**Task directions**.
Would you please return the lines of the entries below starting at the line that has "Weinhandlung Suff, Berlin" and ending at the line that has "Mit Cargoroll MAXISAFE", both included, exactly as they are?

**Provided information**.

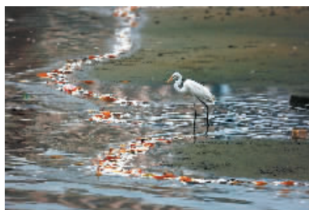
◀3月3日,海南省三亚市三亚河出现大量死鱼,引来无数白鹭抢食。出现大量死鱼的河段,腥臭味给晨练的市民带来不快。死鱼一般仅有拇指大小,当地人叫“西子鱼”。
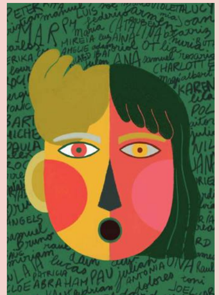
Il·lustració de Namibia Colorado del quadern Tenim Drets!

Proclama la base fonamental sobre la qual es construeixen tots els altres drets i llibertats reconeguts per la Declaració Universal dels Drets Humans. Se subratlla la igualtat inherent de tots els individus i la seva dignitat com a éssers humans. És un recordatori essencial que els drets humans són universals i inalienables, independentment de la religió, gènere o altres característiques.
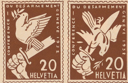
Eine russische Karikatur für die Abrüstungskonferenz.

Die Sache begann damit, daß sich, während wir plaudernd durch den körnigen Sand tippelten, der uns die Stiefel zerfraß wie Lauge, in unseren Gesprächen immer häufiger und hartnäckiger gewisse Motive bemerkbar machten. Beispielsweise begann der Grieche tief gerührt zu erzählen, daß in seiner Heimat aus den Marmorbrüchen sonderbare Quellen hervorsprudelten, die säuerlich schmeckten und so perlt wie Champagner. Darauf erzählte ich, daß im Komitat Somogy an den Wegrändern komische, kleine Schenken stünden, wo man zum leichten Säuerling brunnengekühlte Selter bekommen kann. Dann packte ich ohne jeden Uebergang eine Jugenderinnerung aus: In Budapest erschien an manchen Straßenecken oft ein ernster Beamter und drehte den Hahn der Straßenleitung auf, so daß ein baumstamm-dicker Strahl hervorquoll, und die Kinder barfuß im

==

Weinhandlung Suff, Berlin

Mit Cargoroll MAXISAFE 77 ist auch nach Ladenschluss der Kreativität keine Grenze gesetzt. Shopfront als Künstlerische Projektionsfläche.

**Solution for this exercise**.
Weinhandlung Suff, Berlin

Mit Cargoroll MAXISAFE 77 ist auch nach Ladenschluss der Kreativität keine Grenze gesetzt. Shopfront als Künstlerische Projektionsfläche.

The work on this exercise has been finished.